Notes concerning Constraints

  1. Assuming that the use of most forms of communication would be detectable by sufficiently advanced ETI, progress results are sent not to Earth but to the parent of the current probe.
    1. At worst, this would give an indication of the celestial hemisphere in which the point of the probe’s origin is to be found, though more convoluted routings are possible.
    2. This same information would in any case be available to any ETI that had noted the probe’s arrival. It is hard to imagine a mode of interstellar travel involving interception that would not be so detectable.
    3. We can assume that the first probes sent to neighbours of Earth will not face the problem of communicating (or arriving) in the presence of a possibly hostile ETI. We have found no evidence of technological ETI in those systems.
  2. In all the probe’s operations it will make every effort to leave no trace that could be recognised as evidence of its presence by an ETI that has not reached the stage at which it could satisfy the conditions for contact.
    1. Even if no such ETI is existent at the time of operation it must be considered a possibility that one will eventually arise and precautions should be taken accordingly.
    2. It is accepted that no concealment is possible from arbitrarily advanced ETI
  3. Each probe is an intelligent autonomous entity with value in itself and with its own interests
  4. Defence of the probe from ETI control (constraint and exploitation) is also required to satisfy Mission Constraint 1

Mission Operations

Preflight

  • The target system is observed before the probe’s departure.
    • The planetary system of the target star is identified and characterized
    • Potential resource sites are identified – asteroid belts, dust rings, far outer planets, etc
    • Potential sites of ETI are identified and closely observed for evidence of life, intelligence, and technological competences and activities
      • Case 1: no biosignatures are detected
      • Case 2: no technosignatures are detected, but there are strong biosignatures
      • Case 3: low technosignatures of ETI are detected indicating some environmental effects of ETI activities but not that they are harnessing dense energy sources
      • Case 4: advanced technosignatures of ETI are detected indicating usage of dense energy sources suitable for industry, but no interplanetary activity
      • Case 5: limited interplanetary activities of ETI are detected
      • Case 6: activities of ETI are detected throughout the system

Notes

  1. The cases distinguish the degree of threat that the probe might face from inhabitants of the target system as far as those threats can be determined from outside the system.
    1. As generalised technology indicators, they can also be used as a rough guide to the ability of the inhabitants of the target system to detect the arrival or presence of a probe in their system.
    2. It is highly likely that communication signals (notably, radio) will be detected from ETI falling into cases 4, 5 and 6
    3. Cases 4, 5, and 6 require special preflight, arrival, and establishment procedures that will not be covered here.
  2. Assume that the probe travels at .1c
    1. Since the average distance between stars is ~5cy, the average transit time is about ~50y
  3. Assume that between probe departure and arrival the conditions of the target system might alter so that a system that was determined to be Case 2 to 5 at probe departure might be Case 3 to 6 at arrival.
  4. Assume that the possibility of observation of the target is limited while the probe is in flight.

Arrival

  • Assume an initial station in the outer system
    • Far from any larger bodies identified in the pre-flight observations that are likely to attract ET activity
    • On the plane of the system
  • Conduct scans
    • To confirm or revise the case assignment of the system
    • To locate outer system resources

Notes

  1. It is almost certain that the deceleration phase would be observable by Case 4 ETI – depending on the type of system that the probe uses.
    1. It is unlikely that it would be identified as a probe arrival, but it might attract attention
    2. It is unlikely that the ETI’s observational capabilities would be adequate to detect operations of the probe in the outer system
  2. Do not conduct a fly-through of the system at this stage. The case assignment of the system has not yet been confirmed and caution is necessary.
  3. It is highly implausible that a Case 3 assessment (equivalent to pre-18th C level on Earth) will need to be revised to Case 5 or 6 (post 20th C,) thus a capacity for immediate departure upon arrival is not judged necessary.

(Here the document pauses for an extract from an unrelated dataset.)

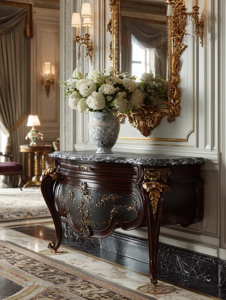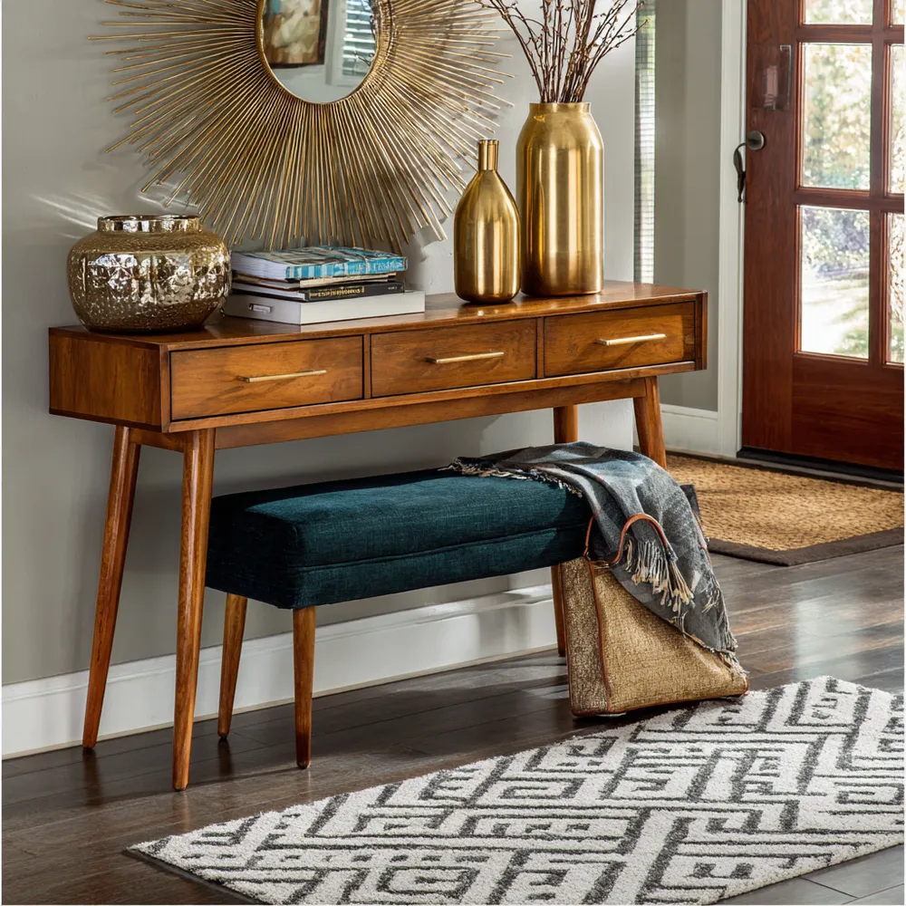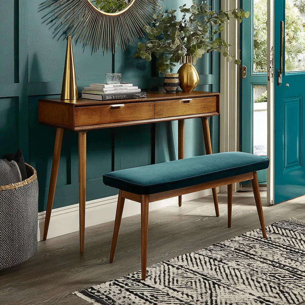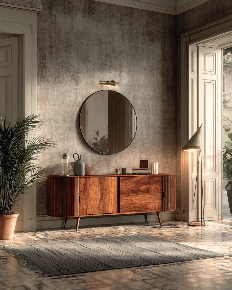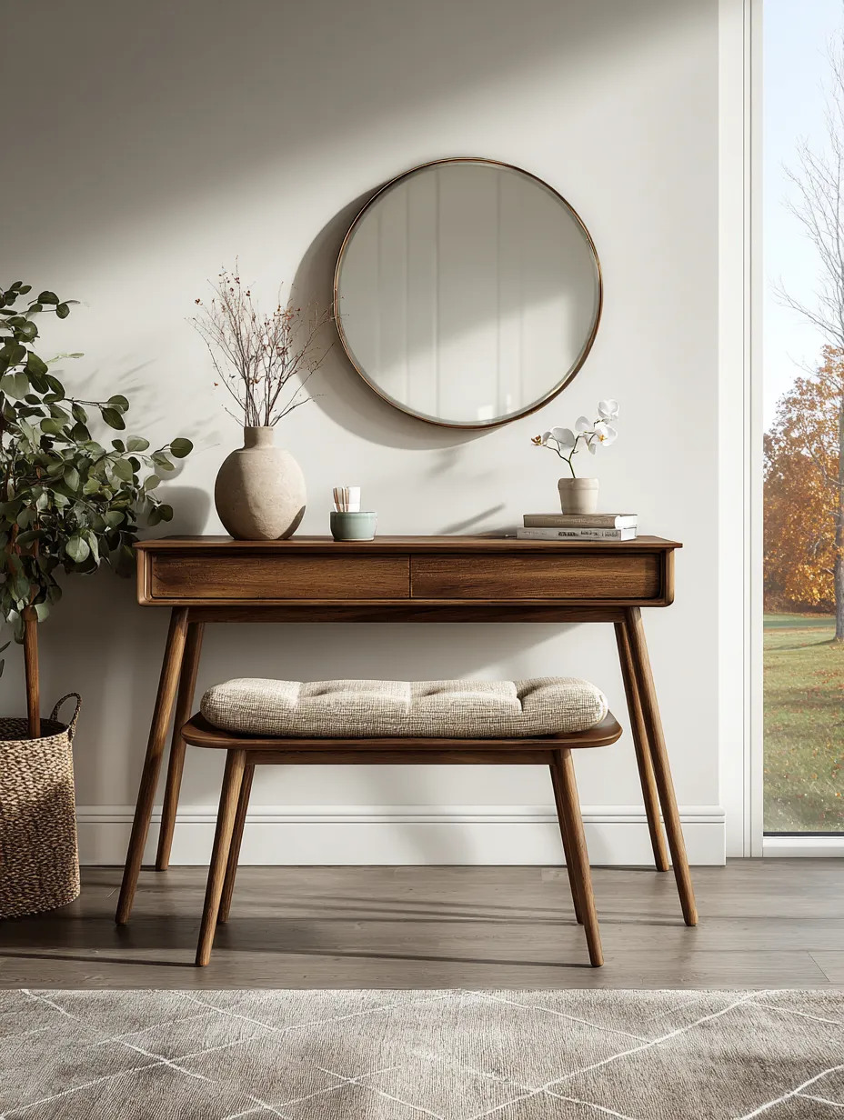Think a sleek console table, perhaps in walnut or teak, topped with a statement mirror or a piece of abstract art. Add a simple Scandinavian-inspired bench and some potted greenery.

Establishment of Primary Infrastructure

  • Proceed towards a convenient resource site in the outer system.
  • Extract resources and set up a construction and coordination facility nearby.
  • Construct a deep space observation system for investigation of neighbouring potential target stars for the next probe
  • Construct and deploy in-system probes, energy farms, communications relays, etc.
  • Make preparations for an immediate departure

Notes

  1. Any construction programme will be hierarchically ordered. First raw materials need to be collected, then simple structures need to be built, then facilities for more complex fabrications, etc. This has been studied elsewhere by others. The time required to achieve the necessary final stages is probably The initial steps will be very slow, but progress will accelerate as the capabilities are expanded.
  2. The infrastructure created in the outer system will be extensive
  3. The details of the construction required for the preparation for immediate departure and the preparations for launch of the next generation of probes depends on the particular mode of interstellar transfer used. It may require hydrogen mining for fusion engines, or construction of sails and laser generators for laser launch, or any number of other possibilities.
  4. The probe does not attempt inner system operations until it has reached the stage that immediate departure is possible – together with the necessary clean-up operations to conceal its passage – maintaining maximum discretion until that time.

Spawning

  • Replicate the main probe and whatever is required for its launch
  • Conduct preflight operations for the new probes
  • Launch the next generation probes whenever conditions are judged optimal

Notes

  1. The launch of next generation probes is likely to be detectable by Case 4 ETI
    1. It is unlikely to be identified as a probe (at that time)
  2. The launch of a next generation probe is dependent upon its preflight operations concluding with a decision to depart. (See the operations listed above in Preflight and see also the special operations and options listed in Part 2: EmissaryMission Operations/Preflight where the target system falls under Cases 4-6)
    1. Because the spawning operation includes the possibility of indefinitely delayed launch it is allowed to overlap with the conduct of the in-system operations described below

Initial Probe Operations

Case 4

  • Send several asteroids of appropriate sizes through the inner star system on close-approach trajectories to the target planet(s) to form an estimate of minimal safe distances of approach
  • After an initial estimate of minimal safe distance of approach is formed establish a regime of probes disguised in asteroidal bodies to fly-by TPs at minimal safe distances

Notes

  1. The asteroid close approaches are tests of the response capabilities of any ETIs that may be in system.
    1. An interception by ETI is highly unlikely, but would be harmless in the test case
    2. It is unlikely to be identified as a probe (at that time)
  2. Minimal safe distance estimates are constantly reviewed
  3. A suitable regime would be a sufficient number of asteroids in highly eccentric orbits so that there are always stealthy probes relatively close to the TP.

Case 3

  • Distribute in-system probes in low orbit about the planet of interest

Case 2

  • Distribute in-system probes in low orbit about the planet of interest
  • Distribute planetary probes about the surface of the planet of interest if they can be discreet and fully secured from pre-technological ETI

Notes

  1. The assessment of the possibility of planet surface probes is done only after extensive inspection through orbital probes.

Case 1

  • Distribute in-system probes in low orbit about the planet of interest
  • Distribute planetary probes about the surface of the planet of interest

Continuing Probe Operations

  • Monitor the Detection Threat Level (DTL)
    • 0 No ETI – no threat
    • 1 Detection capabilities are limited to non-technological modes.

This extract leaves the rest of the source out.